Migrants Bangladesh
Refugees from Bangladesh who were rescued by the Myanmar navy, are pictured after taking a shower at a Muslim religious school used as temporary refugee camps, at Aletankyaw village in the Maungdaw township, in Rakhine state May 23, 2015. Reuters/Soe Zeya Tun

Indonesia has informed Australia that most of the 7,000 migrants stranded at sea in Southeast Asia are illegal workers from Bangladesh and not Rohingya Muslim asylum seekers, Australian Foreign Minister Julie Bishop said Saturday. Over 3,500 migrants have reached the shores, or rescued off the coasts of Malaysia, Indonesia, Thailand and Bangladesh, since Thailand started a crackdown against human trafficking early May, the Weekend Australian reported.

According to Indonesia’s estimate only about 30-40 percent of the thousands of people stranded at sea were Rohingya Muslims, an ethnic minority group in western Myanmar’s Rakhine state, according to Agence France-Presse.

“They (Indonesia) believe there are about 7000 people at sea (and) they think about 30-40 per cent are Rohingya, the rest are Bangladeshi; and they are not, in Indon­esia’s words, asylum-seekers, they are not refugees, they are illegal labor­ers, they’ve been promised or are seeking jobs in Malaysia,” Bishop told the Weekend Australian, adding: “They said the Rohingya have gone to Bangladesh and have mixed up with the Bangladeshis who are coming to Malaysia in particular for jobs.”

Bishop’s comments come after the country’s Prime Minister Tony Abbott refused to allow the migrants to be resettled in Australia.

Australia’s Immigration Minister Peter Dutton supported Abbott’s stand, and added that the country provided the highest contribution to International Organ­ization for Migration (IOM) and the U.N. refugee agency in Indonesia. Australia has reportedly contributed over $170 million to the IOM since 2000.

“We cannot be in a situation, having the most generous human­itarian program in the world, to then say, or to pretend cruelly to people, that we can somehow take millions of people from regions around the world, who would be displaced.
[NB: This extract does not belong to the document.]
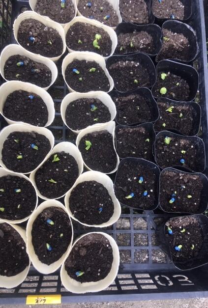 先日、3年生の先生が種まきしたオクラが芽を出していました。

We just can’t do that,” Dutton said, according to the Weekend Australian.

Meanwhile, Myanmar’s navy rescued over 200 people in its first search and rescue operation on Thursday.

“A navy ship found two boats … on May 21 while on patrol,” Tin Maung Swe, a senior official in the western state of Rakhine, said, according to the Weekend Australian, adding that “about 200 Bengalis were on one of the boats.”